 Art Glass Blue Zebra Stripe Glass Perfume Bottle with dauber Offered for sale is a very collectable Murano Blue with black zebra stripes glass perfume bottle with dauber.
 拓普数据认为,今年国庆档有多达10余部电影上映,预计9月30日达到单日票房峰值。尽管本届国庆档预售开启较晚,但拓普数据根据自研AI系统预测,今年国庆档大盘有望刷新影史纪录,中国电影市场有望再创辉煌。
...
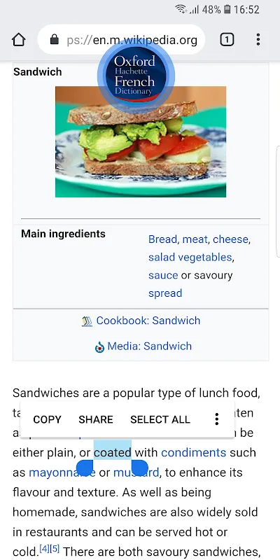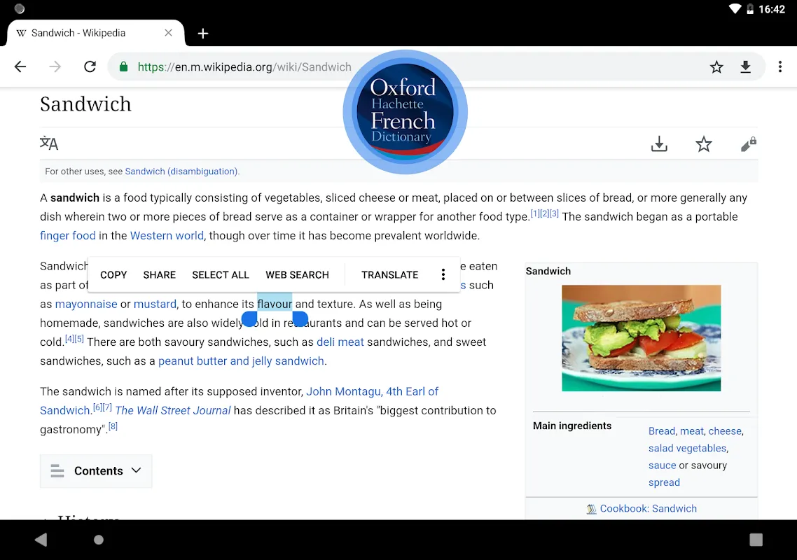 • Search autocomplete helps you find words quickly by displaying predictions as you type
* * *
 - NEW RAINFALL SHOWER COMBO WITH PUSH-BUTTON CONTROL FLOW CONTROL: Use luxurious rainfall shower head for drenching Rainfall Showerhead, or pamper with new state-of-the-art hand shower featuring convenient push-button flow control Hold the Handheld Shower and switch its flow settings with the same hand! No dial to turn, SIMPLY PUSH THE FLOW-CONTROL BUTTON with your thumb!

## [Work required]
From the records above, print exactly the lines that run from the line with "Art Glass Blue" to the line with "拓普数据认为,今年国庆档有多", inclusive.

## [Answer to the exercise]
 Art Glass Blue Zebra Stripe Glass Perfume Bottle with dauber Offered for sale is a very collectable Murano Blue with black zebra stripes glass perfume bottle with dauber.
 拓普数据认为,今年国庆档有多达10余部电影上映,预计9月30日达到单日票房峰值。尽管本届国庆档预售开启较晚,但拓普数据根据自研AI系统预测,今年国庆档大盘有望刷新影史纪录,中国电影市场有望再创辉煌。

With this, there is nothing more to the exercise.